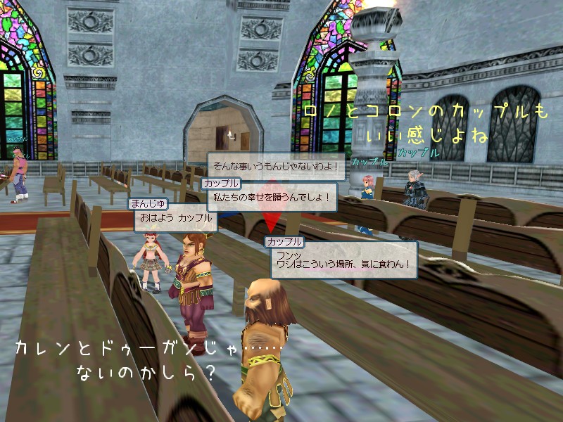 また、クリスマスイベント(?)のほうでは着々と準備が進んでいるようで、ビスク各地にカップルが溢れかえっていますね。 広場ではダイアロスの喪男代表にも彼女ができた様子ですし、某イケメンさんなんかも気になるところです。
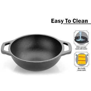 Cast iron has been used in kitchens in India and other parts of Asia for over two thousand years, and has spread to other parts of the world because of its wonderful cooking properties and health benefits. o Cast iron retains heat better than most other cookware. It is slow to heat up, but once it is hot, it stays hot for long, and retains heat well. Foods that need higher temperatures will brown better, cook faster and crisper, and cook more evenly inside and out. o Cast iron gets better with use. As you cook in it, it builds a natural nonstick surface over time, called 'seasoning', which is a smooth and tough cooking surface. So, the more you use it, the better it gets! o Iron is widely regarded as beneficial when used for cooking.
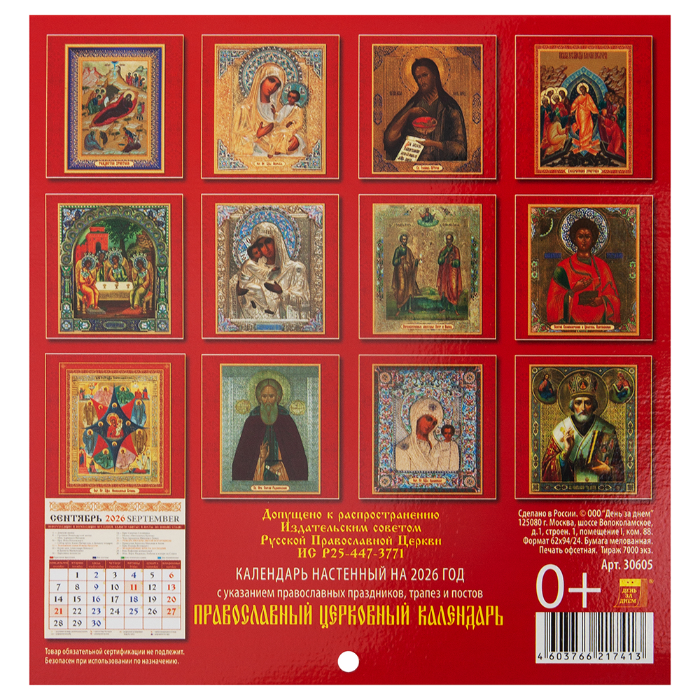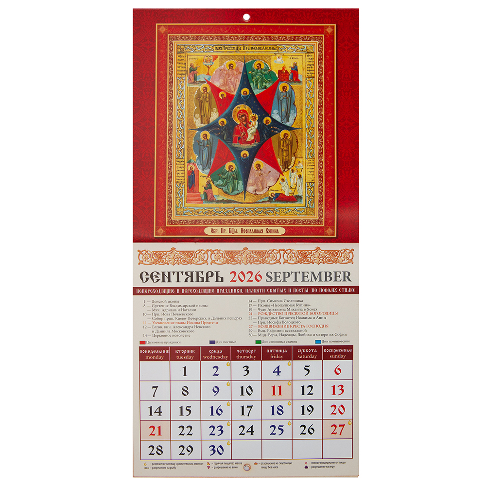 Яркий и красивый календарь на 2026 год с изображениями икон особо чтимых святых напомнит вам о церковных праздниках и постах, днях памяти святых.
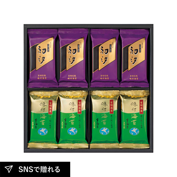 | 味付海苔(8切6枚)・あごだし味付海苔(8切5枚)×各12 |
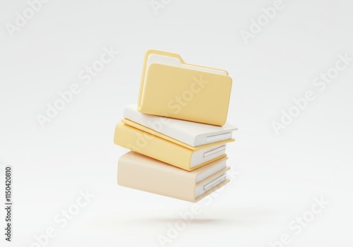 A 3D illustration of multiple stacked file folders in pastel yellow and white
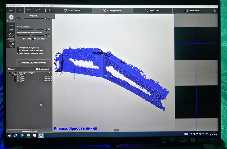 Giai đoạn đầu tiên của quá trình tái tạo là quét 3D thân tàu và cánh để tạo ra mô hình kỹ thuật số cơ bản của Buran. Chúng tôi rất may mắn khi được tham gia tích cực vào quá trình quét.
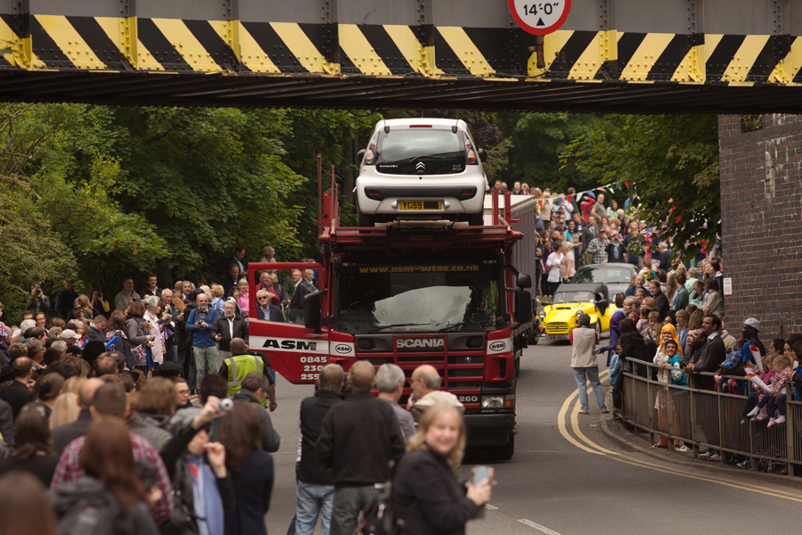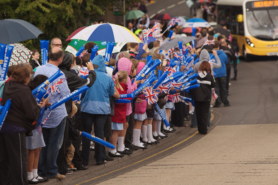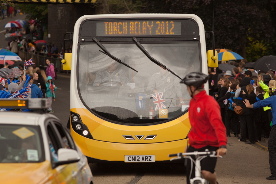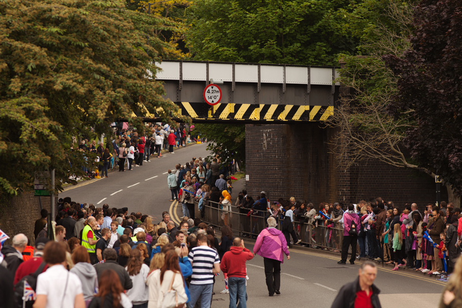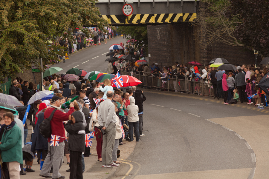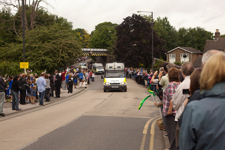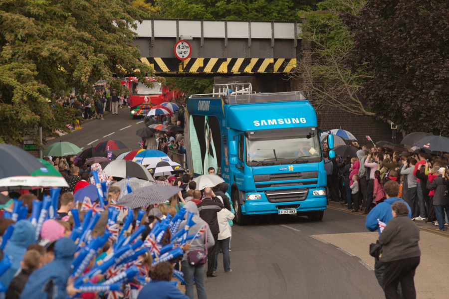 We were in position around half an hour before the torch was due to arrive. Amazingly, despite the signs, the road still appeared to be open and a car transporter had an embarrassing time after realising that his vehicle was slightly too tall to pass under the bridge. He had to reverse back up the hill – in front of a few hundred people!
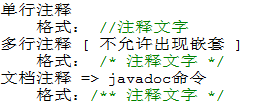 Java中的注释格式[三种]:
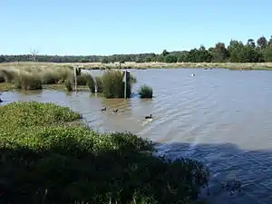 Bushy Park Wetlands is a 30-hectare (74-acre) conservation park in Glen Waverley, Victoria, Australia. On the edge of suburbia, it is bounded by Dandenong Creek and houses along King Arthur Drive and Knights Drive. There is a cycling and walking path, and a bird watching hide, where egrets, pelicans, coots, dusky moorhen, ibis and occasionally spoonbill can be observed. It is accessible from the end of Highbury Road, or at the Drummies Bridge Reserve off High Street Road. It is also connected by the Dandenong Creek Trail to Shepherds Bush Park, Koomba Park and Napier Park.
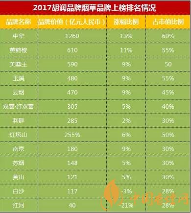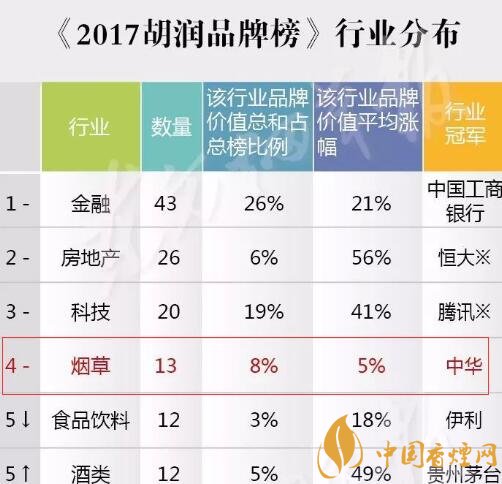 一年一度不能錯(cuò)過(guò)的2017胡潤(rùn)品牌排行榜已經(jīng)公布了,作為煙民一員,你知道今年的煙草企業(yè)在2017胡潤(rùn)品牌排行榜的情況嗎?下面香煙網(wǎng)小編為大家整理介紹本次發(fā)布的煙草企業(yè)榜單的品牌數(shù)據(jù)情況吧!
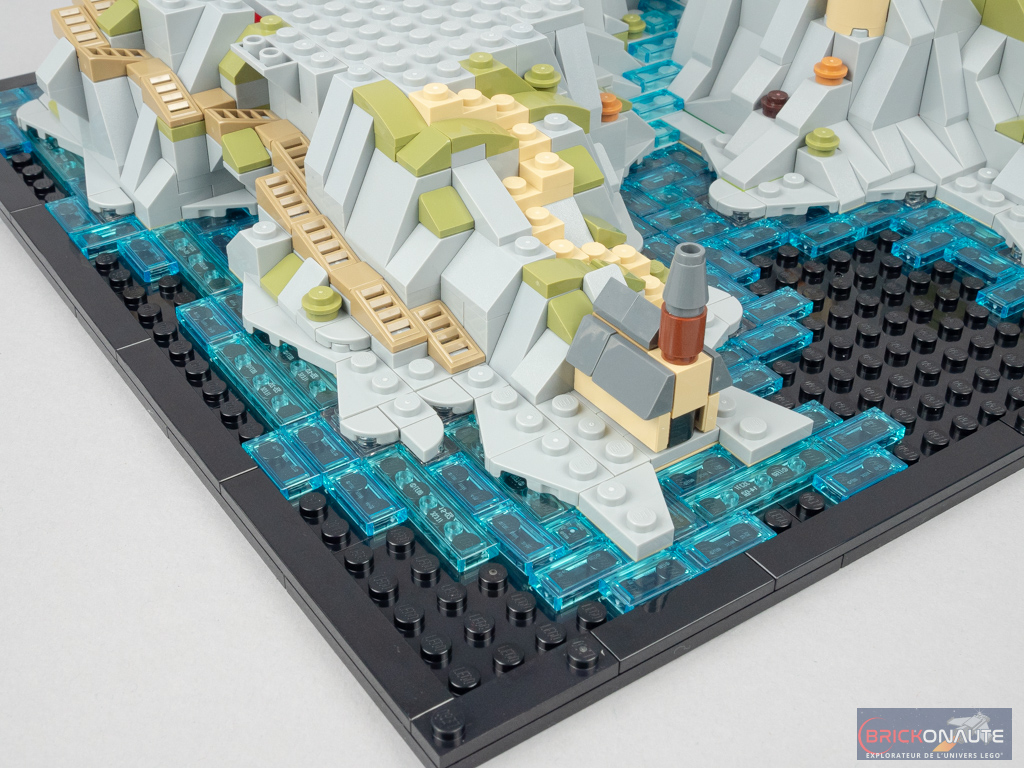 Le choix de couleurs est classique mais efficace. J’aime en particulier ici les liserés dark tan qui viennent souligner les parties qui auraient dû se trouver à l’ombre, l’utilisation de deux nuances de bleu pour l’eau du Lac Noir, et de quelques éléments transparents pour le bateau de Durmstrang qui en surgit. Notez également le liseré noir de la base et la plaque tampographiée « Hogwarts Castle » pouvant faire penser aux sets de la gamme LEGO Architecture.
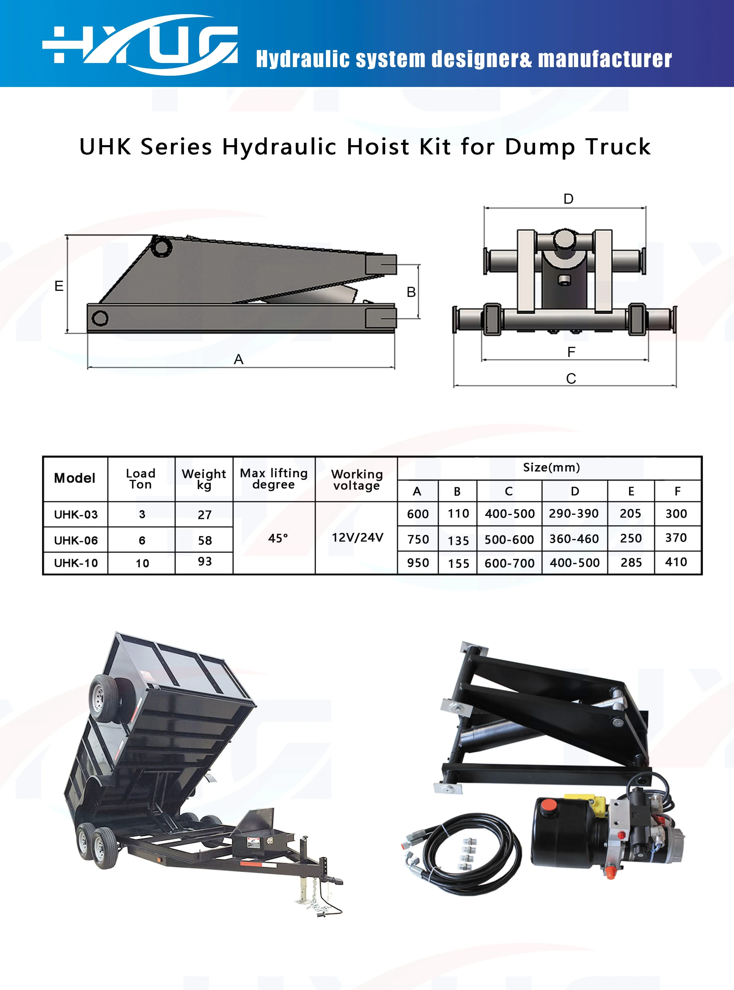 Application: Tipper trailer, dump truck etc. Load capacity: 1-10 tons Complete kit including 1 set hoist frame, 1 pc hydraulic cylinder, 1 set hydraulic power unit, 2 pcs hoses and connectors.

# # # #

**Exercise objective**. Copy exactly, leaving out pictures, the lines from the line containing "一年一度不能錯(cuò)過(guò)的2" through the last line of the records.

**Answer space**.
 一年一度不能錯(cuò)過(guò)的2017胡潤(rùn)品牌排行榜已經(jīng)公布了,作為煙民一員,你知道今年的煙草企業(yè)在2017胡潤(rùn)品牌排行榜的情況嗎?下面香煙網(wǎng)小編為大家整理介紹本次發(fā)布的煙草企業(yè)榜單的品牌數(shù)據(jù)情況吧!
 Le choix de couleurs est classique mais efficace. J’aime en particulier ici les liserés dark tan qui viennent souligner les parties qui auraient dû se trouver à l’ombre, l’utilisation de deux nuances de bleu pour l’eau du Lac Noir, et de quelques éléments transparents pour le bateau de Durmstrang qui en surgit. Notez également le liseré noir de la base et la plaque tampographiée « Hogwarts Castle » pouvant faire penser aux sets de la gamme LEGO Architecture.
 Application: Tipper trailer, dump truck etc. Load capacity: 1-10 tons Complete kit including 1 set hoist frame, 1 pc hydraulic cylinder, 1 set hydraulic power unit, 2 pcs hoses and connectors.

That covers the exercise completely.